◆ Extracted information ◆
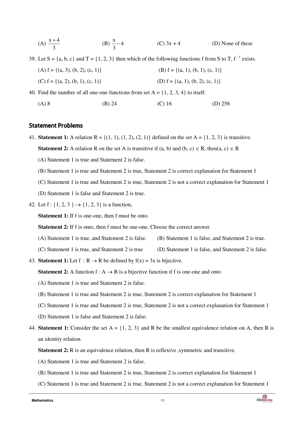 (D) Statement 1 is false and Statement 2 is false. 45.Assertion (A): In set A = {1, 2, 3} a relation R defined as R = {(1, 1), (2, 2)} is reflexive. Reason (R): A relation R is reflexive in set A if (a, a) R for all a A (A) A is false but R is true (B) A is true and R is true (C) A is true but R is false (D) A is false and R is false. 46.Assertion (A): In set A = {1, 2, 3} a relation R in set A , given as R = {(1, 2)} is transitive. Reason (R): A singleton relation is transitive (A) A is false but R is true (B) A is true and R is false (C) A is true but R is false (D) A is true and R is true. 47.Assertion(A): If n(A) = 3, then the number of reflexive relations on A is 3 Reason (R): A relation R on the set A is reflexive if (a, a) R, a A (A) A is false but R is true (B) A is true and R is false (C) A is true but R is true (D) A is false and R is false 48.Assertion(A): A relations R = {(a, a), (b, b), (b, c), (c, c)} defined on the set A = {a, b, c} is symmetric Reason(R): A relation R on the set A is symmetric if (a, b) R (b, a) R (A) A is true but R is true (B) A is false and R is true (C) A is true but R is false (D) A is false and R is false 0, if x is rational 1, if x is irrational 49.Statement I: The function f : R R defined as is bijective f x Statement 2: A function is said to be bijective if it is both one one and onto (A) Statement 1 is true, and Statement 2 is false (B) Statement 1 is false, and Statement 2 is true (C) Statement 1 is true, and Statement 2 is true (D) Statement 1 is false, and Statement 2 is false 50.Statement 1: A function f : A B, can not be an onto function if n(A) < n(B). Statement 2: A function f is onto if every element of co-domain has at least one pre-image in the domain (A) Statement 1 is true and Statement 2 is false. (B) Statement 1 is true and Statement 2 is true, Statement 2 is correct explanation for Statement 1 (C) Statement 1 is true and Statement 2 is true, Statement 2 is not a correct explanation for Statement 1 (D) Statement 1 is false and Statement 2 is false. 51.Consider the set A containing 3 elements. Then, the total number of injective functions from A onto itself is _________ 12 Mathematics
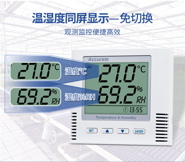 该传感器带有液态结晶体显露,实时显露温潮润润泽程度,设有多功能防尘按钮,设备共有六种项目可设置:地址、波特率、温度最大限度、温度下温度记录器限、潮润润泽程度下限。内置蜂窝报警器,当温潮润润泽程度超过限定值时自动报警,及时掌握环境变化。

--

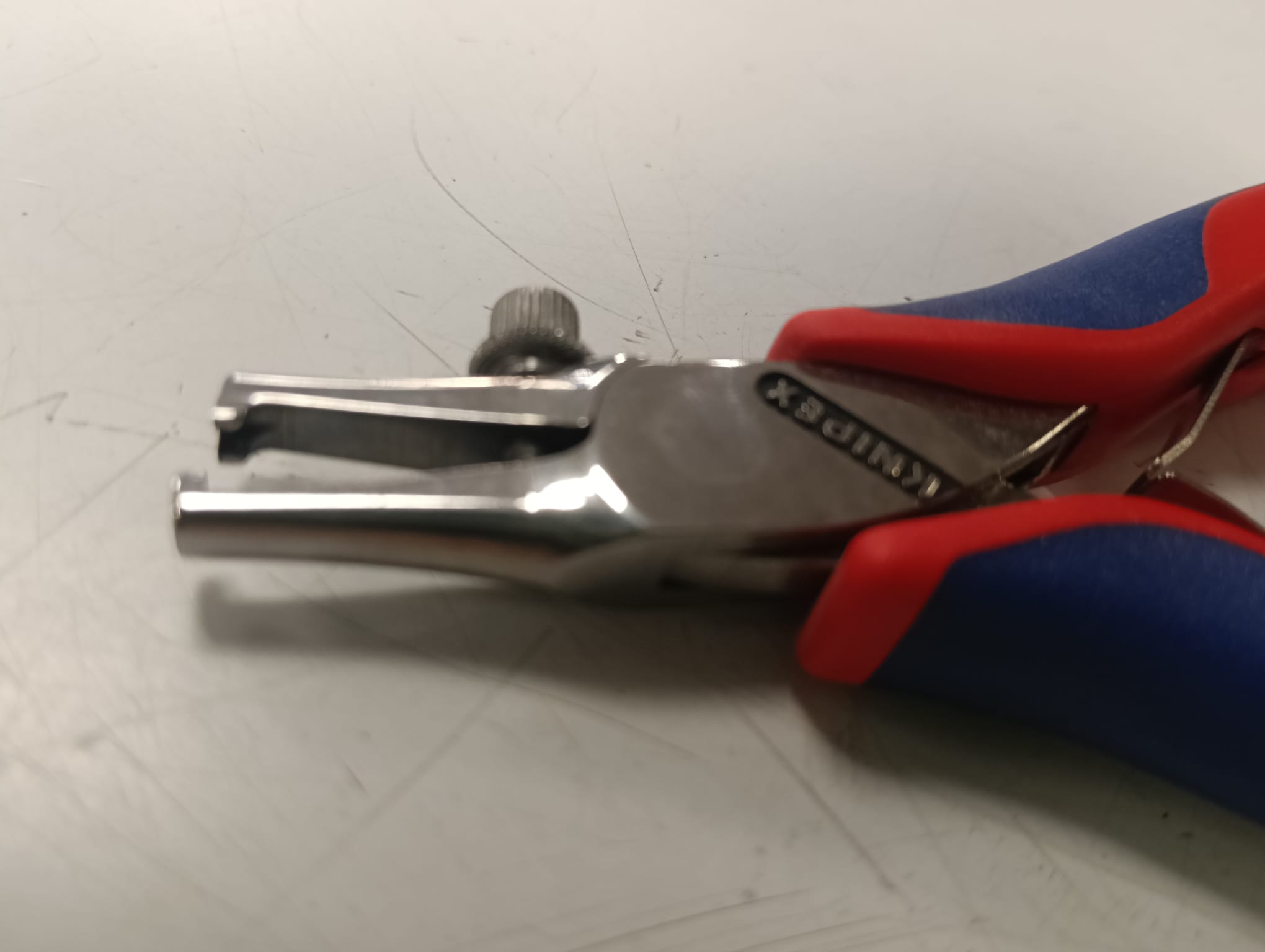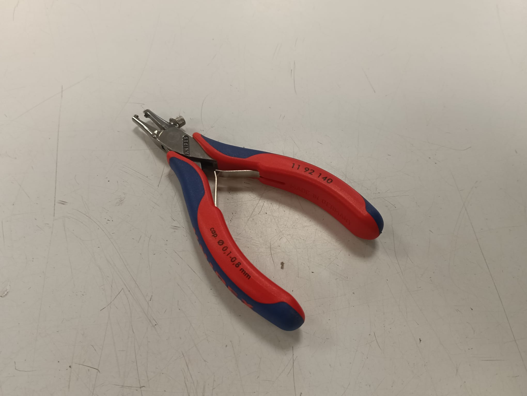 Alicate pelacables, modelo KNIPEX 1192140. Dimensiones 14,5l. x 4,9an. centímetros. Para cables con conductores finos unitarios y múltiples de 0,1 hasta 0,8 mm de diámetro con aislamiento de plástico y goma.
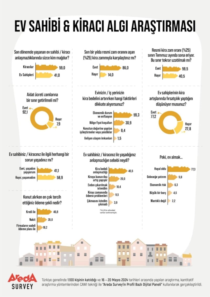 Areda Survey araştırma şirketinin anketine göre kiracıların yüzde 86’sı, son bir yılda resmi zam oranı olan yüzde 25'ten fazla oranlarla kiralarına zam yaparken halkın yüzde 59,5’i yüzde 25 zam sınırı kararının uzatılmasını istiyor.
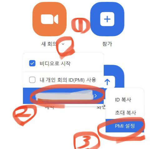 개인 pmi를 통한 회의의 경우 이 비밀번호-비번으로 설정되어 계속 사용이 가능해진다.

...

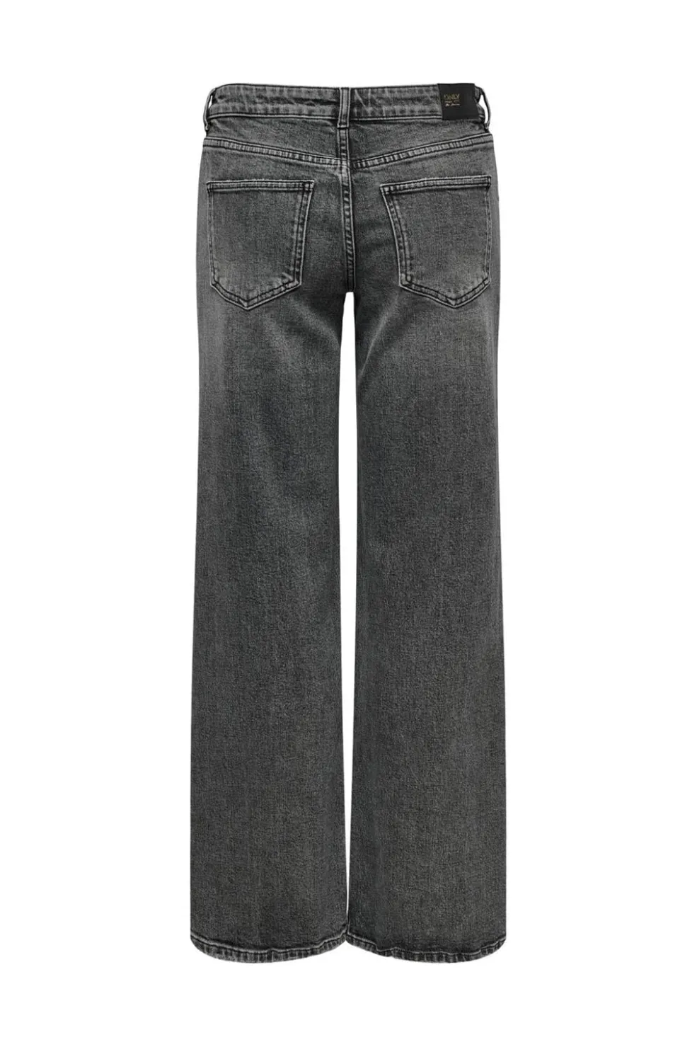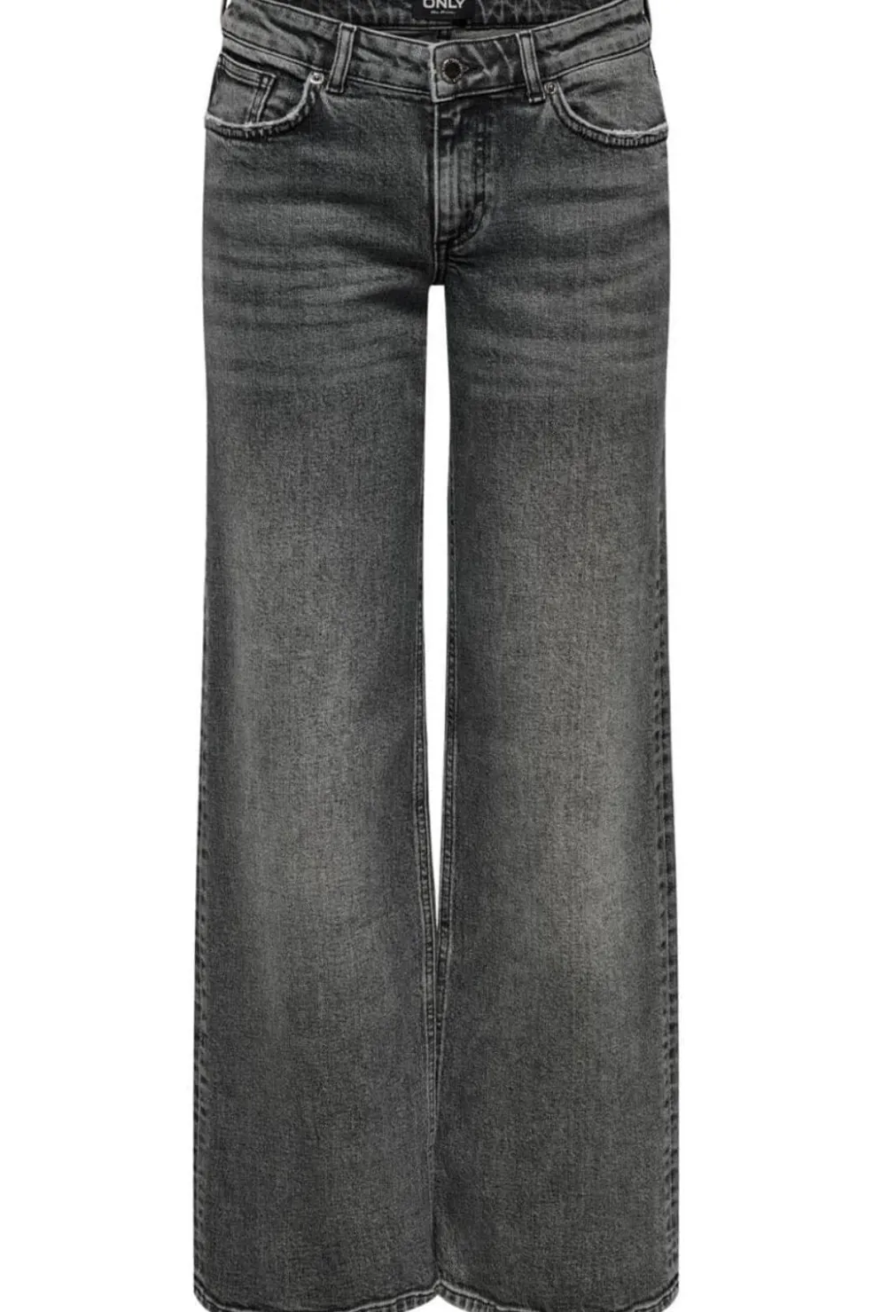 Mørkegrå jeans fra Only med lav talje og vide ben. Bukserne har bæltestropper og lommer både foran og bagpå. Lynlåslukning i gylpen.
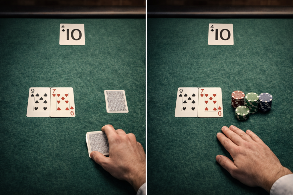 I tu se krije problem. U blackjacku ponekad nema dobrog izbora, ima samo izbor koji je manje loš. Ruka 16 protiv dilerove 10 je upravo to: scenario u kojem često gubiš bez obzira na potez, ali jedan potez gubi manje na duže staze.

◆ Exercise details ◆
Everything between and including the line above containing "Mørkegrå jeans fra" and the line containing "I tu se krije" should be reproduced exactly, with pictures excluded.

◆ Exercise solution ◆
 Mørkegrå jeans fra Only med lav talje og vide ben. Bukserne har bæltestropper og lommer både foran og bagpå. Lynlåslukning i gylpen.
 I tu se krije problem. U blackjacku ponekad nema dobrog izbora, ima samo izbor koji je manje loš. Ruka 16 protiv dilerove 10 je upravo to: scenario u kojem često gubiš bez obzira na potez, ali jedan potez gubi manje na duže staze.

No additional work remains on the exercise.